Queer Places:
  1 Lauriston Rd, Wimbledon, London SW19 4TJ, Regno Unito
  Manor Inn, 2 Stoke Gabriel Rd, Galmpton, Brixham TQ5 0NL, UK
  Collice St, Islip, Kidlington OX5 2TB, UK
  Dingle Cottage, Ridgeway, Boars Hill, Oxford OX1 5EY, UK
Charterhouse School, Charterhouse Rd, Godalming GU7 2DX, Regno Unito
  University of Oxford, Oxford, Oxfordshire OX1 3PA
35 St Peter's Square, Hammersmith, London W6 9NW, UK
Deià, 07179 Deià, Majorca, Spain
  
Robert Graves (24 July 1895 – 7 December 1985), also known as 
  Robert von Ranke Graves,[1] 
  was an English poet,
  historical novelist, critic, and
  classicist. 
  His father was
  Alfred Perceval Graves, a celebrated Irish poet and figure in the
  Gaelic revival; they were both
  Celticists and students of
  Irish mythology. Graves produced more than 140 works. Graves's 
  poems—together with his translations and innovative analysis and 
  interpretations of the
  Greek myths; his
  memoir of 
  his early life, including his role in
  World 
  War I, 
  Good-Bye to All That; and his speculative study of poetic inspiration,
  
  The White Goddess—have never been out of print.[2]
  
He earned his living from writing, particularly popular historical novels such as I, Claudius, King Jesus, The Golden Fleece and Count Belisarius.

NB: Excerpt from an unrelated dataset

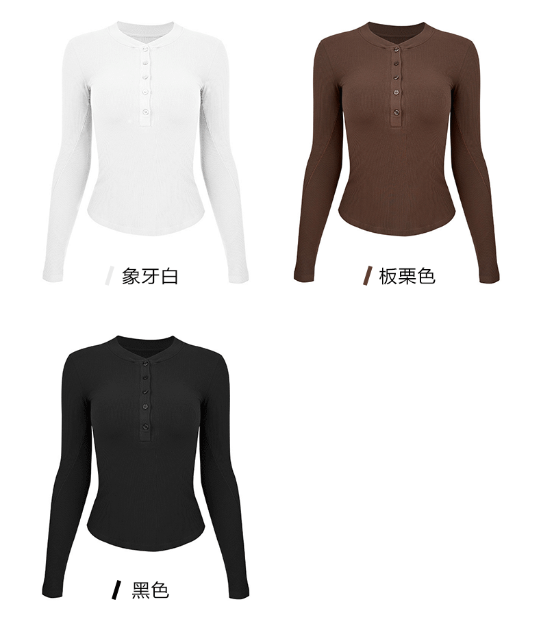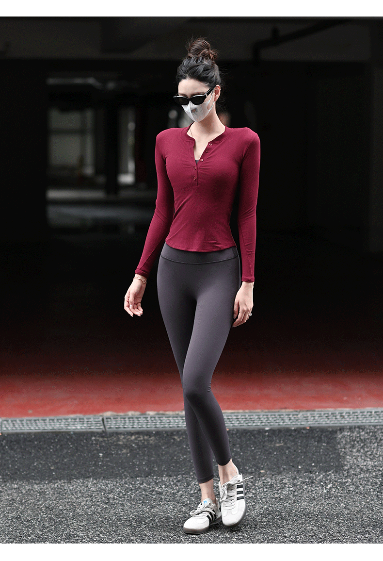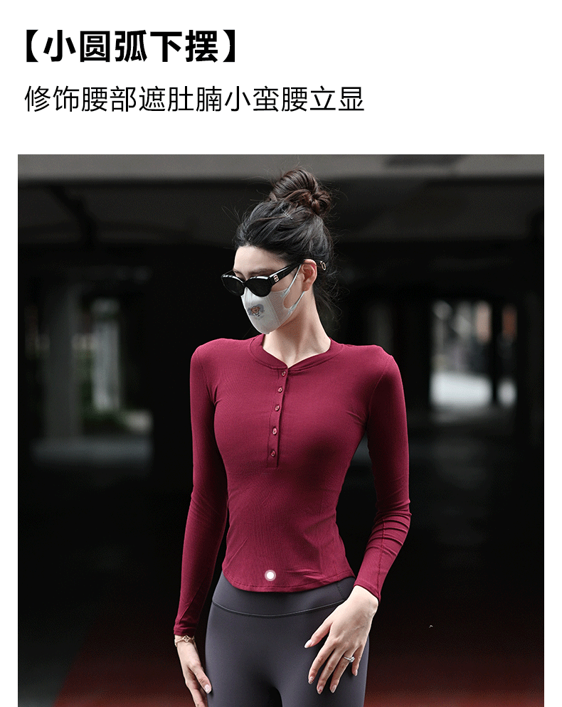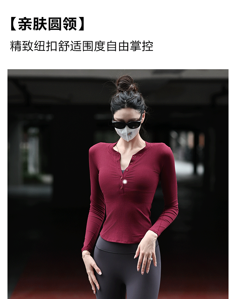 Beemen秋冬新款天丝莫代尔瑜伽服女 圆领纽扣长袖 贴身收腰外穿好看 透气高弹运动上衣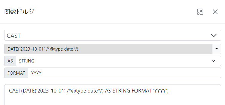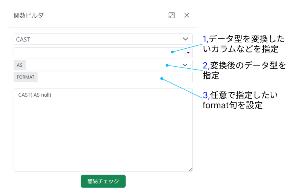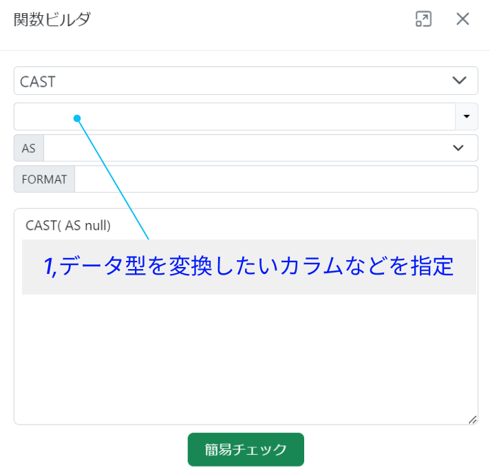 「CAST」を選択すると、下画像のように関数ビルダが立ち上がります。

He also was a prominent translator of Classical Latin and Ancient Greek texts; his versions of The Twelve Caesars and The Golden Ass remain popular, for their clarity and entertaining style. Graves was awarded the 1934 James Tait Black Memorial Prize for both I, Claudius and Claudius the God.[3]
During the early 1970s Graves began to suffer from increasingly severe memory loss. By his 80th birthday in 1975, he had come to the end of his working life. He lived for another decade, in an increasingly dependent condition, until he died from heart failure on 7 December 1985 at the age of 90 years. His body was buried the next morning in the small churchyard on a hill at Deià, at the site of a shrine that had once been sacred to the White Goddess of Pelion.[7] His second wife, Beryl Graves, died on 27 October 2003 and her body was interred in the same grave.[46]